Abstract

This paper estimates a pooled (fixed-effects) FDI investment function that seeks to identify some of the major economic and institutional determinants of FDI flows to nine major Latin American countries during the 1980-2006 period. First, it develops a conceptual framework of analysis that seeks to identify some of the major economic and institutional determinants of FDI. Second, the paper gives an overview of FDI flows to Latin America during the 1990-2011 period, with particular emphasis on their contribution to the financing of gross capital formation. Third, an empirical model for FDI flows to Latin America is outlined and an economic rationale is provided for the included variables and their expected signs.

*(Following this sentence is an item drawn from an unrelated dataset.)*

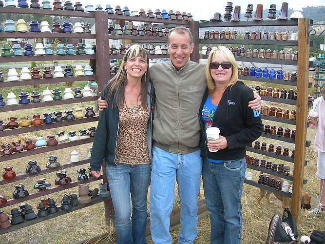 For the second year in a row, the world famous "Insulator Gurls", Kim on the left and Renee on the right, showed up at the Insulator Ranch. I swear they were not there more than 2 minutes, when I hear David Bethman saying," Hey Bob, get a picture of us. It seems David's broken leg has healed and he is able to get around alright. It is always nice to see old friends, and the In case of the" Insulator Gurls", I always relive the memories of our fantastic insulator hunts. Many years ago, they asked me to teach them how to safely climb poles, so they could get out there to pick their own insulators. Truth be told, we never found any real treasures, but that's OK. The real treasure was the resulting friendship that those trips initiated. Kim, David and Renee, but how does he always find the girls first.??? |

Fourth, the estimates from a panel regression designed to explain the variation in FDI flows to Latin America during the 1980-2006 period suggests that market size (proxied by real GDP), credit provided by the private banking sector, government expenditures on education, the real exchange rate, and the level of economic freedom have a positive and significant effect. On the other hand, public investment spending, the debt-service ratio, and the volatility of the real exchange rate have a negative and significant effect on FDI flows. The panel unit root tests on the residuals of the relevant panel regressions also suggest that there is a stable, long-term relationship among the included variables; i.e., the selected variables in the reported regressions are cointegrated over the relevant time period. Finally, the paper summarizes the major findings and offers some policy prescriptions for attracting FDI flows to the region and enhancing their positive direct and indirect effects.